**PROBLEM TO WORK ON**
Every entry should come back exactly as written, minus the pictures.
*-*-*
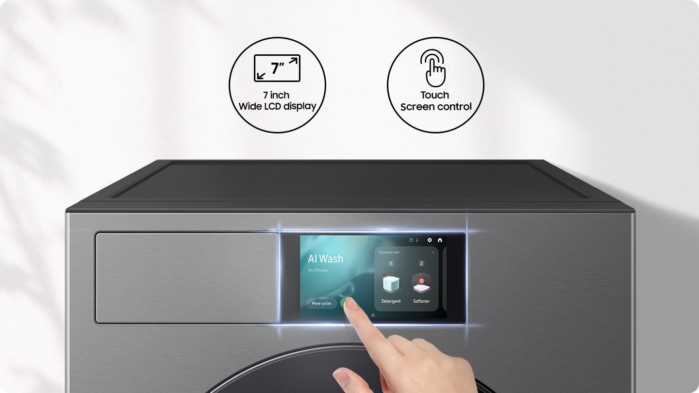 Enjoy a simple way to wash. The AI Home acts as an intuitive control center. offering clear information and touchscreen control. It also personalises your washing by remembering your habits. suggesting cycles* and displaying timely information.
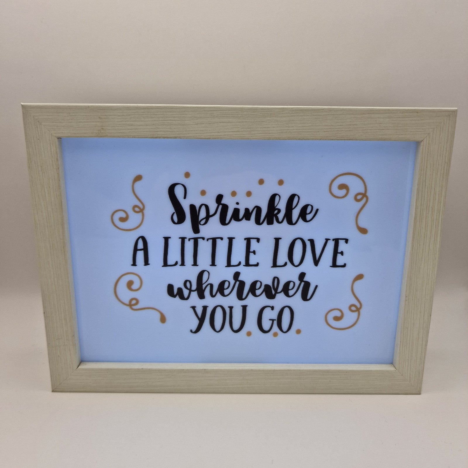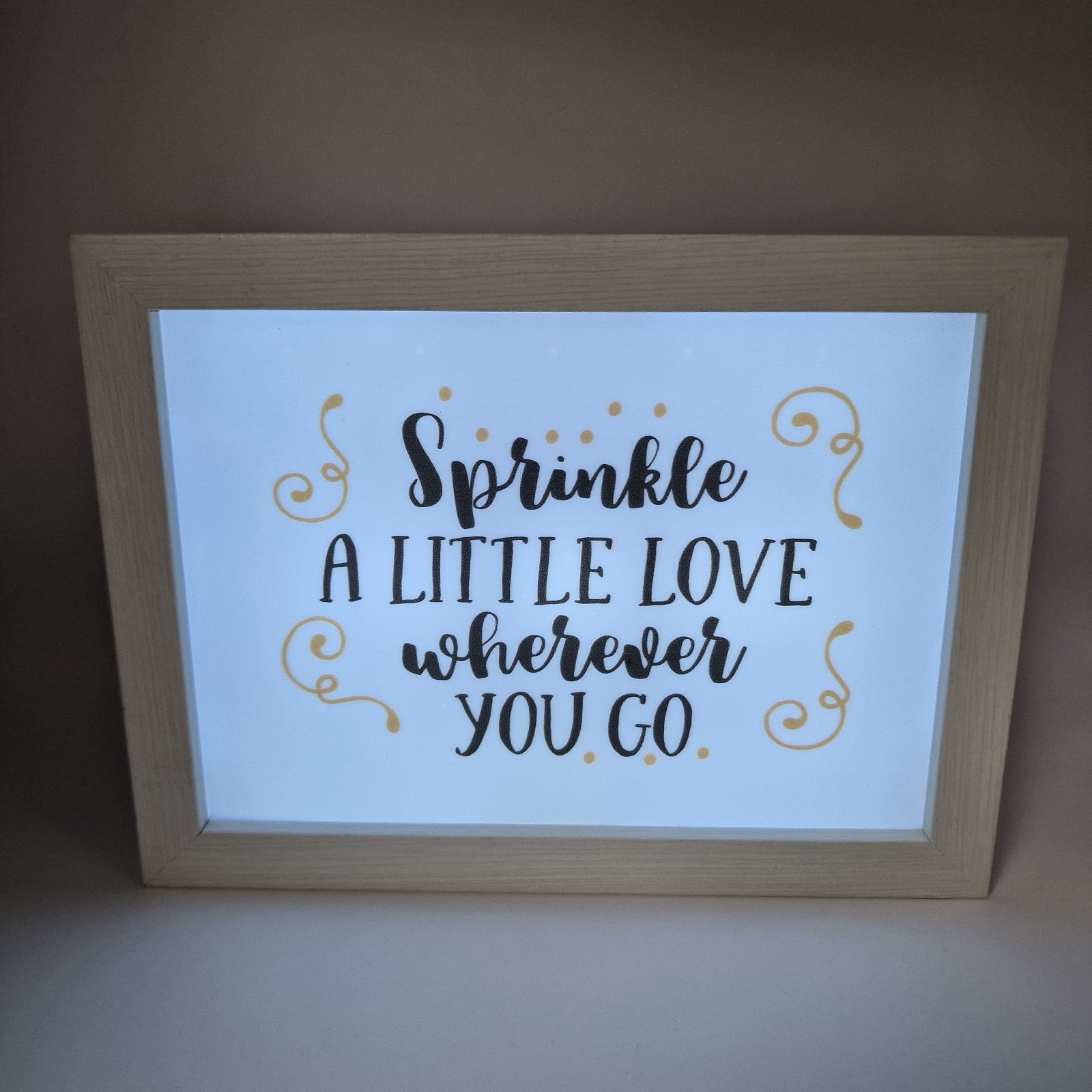 Goleuwch eich gofod gyda'r "taenellwch ychydig o gariad ble bynnag yr ewch" Light Up Box, darn swynol a chyfoes o gelf wal sy'n dod â chyffyrddiad o gynhesrwydd i unrhyw ystafell. Wedi'i saernïo o bren o ansawdd, mae'r blwch golau hirsgwar hwn wedi'i gynllunio i ddarparu llewyrch meddal, deniadol, perffaith ar gyfer creu awyrgylch clyd.
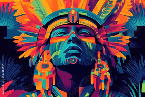 face, portrait, abstract, art, colourful, bright, high-coloured, vibrant, bold, graphic, design, geometric, pattern, shape, line, feather, headdress, ornament, decoration, tribal, culture, traditional, indigenous, native, ethnic, style, digital, illustration, artwork, painting
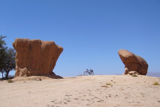 Foto 58: Twee verdwaalde rotsen met mijn fiets er tussenin.
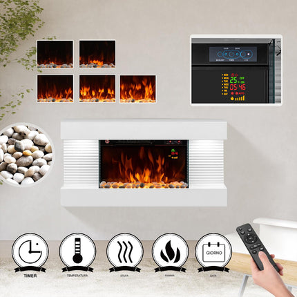 1 x Camino Elettrico Saint Moritz da Parete con Fiamma Realistica Caminetto a Muro 2000 W
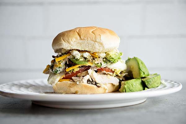 - On a bottom bun, layer chicken, bacon, tomatoes, eggs, lettuce, cheddar cheese, California avocados, and blue cheese crumbles. Top with the other half of the bun and serve.
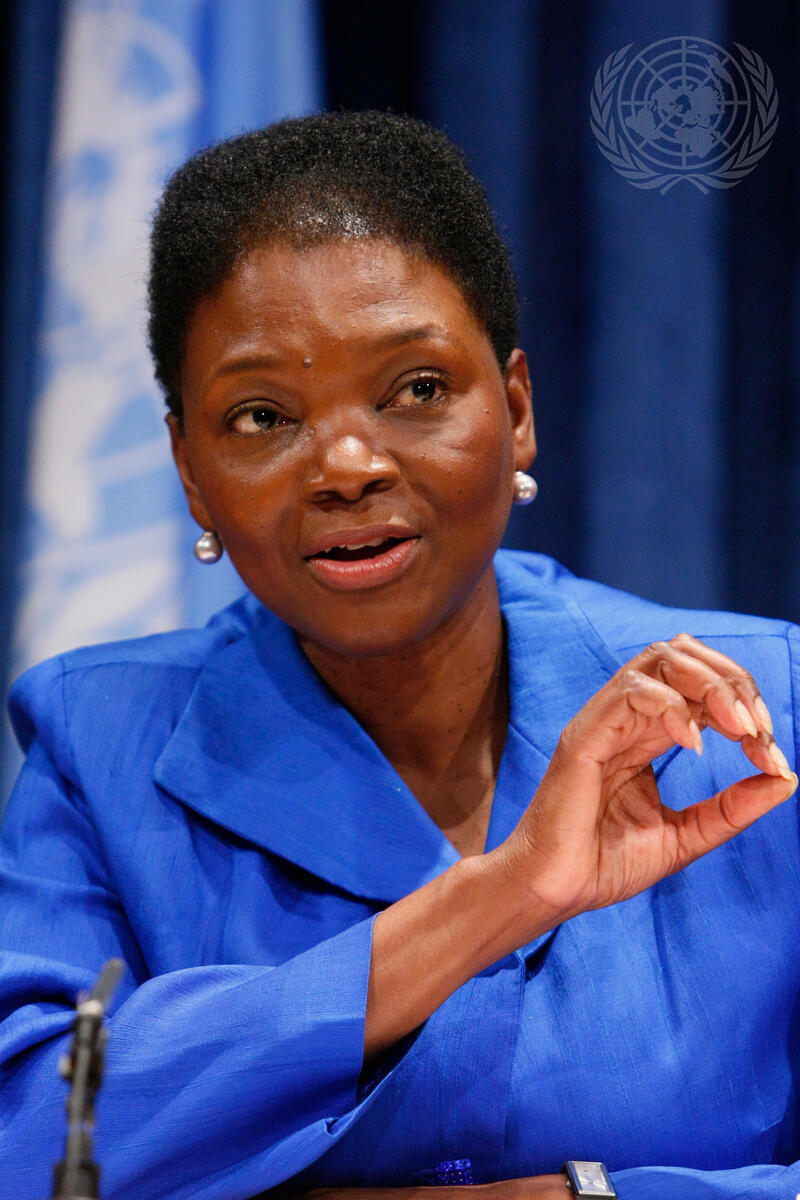 Valerie Amos, Under-Secretary-General for Humanitarian Affairs and Emergency Relief Coordinator, briefs journalists on the third annual World Humanitarian Day, commemorated today at UN Headquarters. Ms. Amos was joined by Anthony Lake, Executive Director of the UN Children’s Fund (UNICEF).
*-*-*
**TASK OUTPUT**
 Enjoy a simple way to wash. The AI Home acts as an intuitive control center. offering clear information and touchscreen control. It also personalises your washing by remembering your habits. suggesting cycles* and displaying timely information.
 Goleuwch eich gofod gyda'r "taenellwch ychydig o gariad ble bynnag yr ewch" Light Up Box, darn swynol a chyfoes o gelf wal sy'n dod â chyffyrddiad o gynhesrwydd i unrhyw ystafell. Wedi'i saernïo o bren o ansawdd, mae'r blwch golau hirsgwar hwn wedi'i gynllunio i ddarparu llewyrch meddal, deniadol, perffaith ar gyfer creu awyrgylch clyd.
 face, portrait, abstract, art, colourful, bright, high-coloured, vibrant, bold, graphic, design, geometric, pattern, shape, line, feather, headdress, ornament, decoration, tribal, culture, traditional, indigenous, native, ethnic, style, digital, illustration, artwork, painting
 Foto 58: Twee verdwaalde rotsen met mijn fiets er tussenin.
 1 x Camino Elettrico Saint Moritz da Parete con Fiamma Realistica Caminetto a Muro 2000 W
 - On a bottom bun, layer chicken, bacon, tomatoes, eggs, lettuce, cheddar cheese, California avocados, and blue cheese crumbles. Top with the other half of the bun and serve.
 Valerie Amos, Under-Secretary-General for Humanitarian Affairs and Emergency Relief Coordinator, briefs journalists on the third annual World Humanitarian Day, commemorated today at UN Headquarters. Ms. Amos was joined by Anthony Lake, Executive Director of the UN Children’s Fund (UNICEF).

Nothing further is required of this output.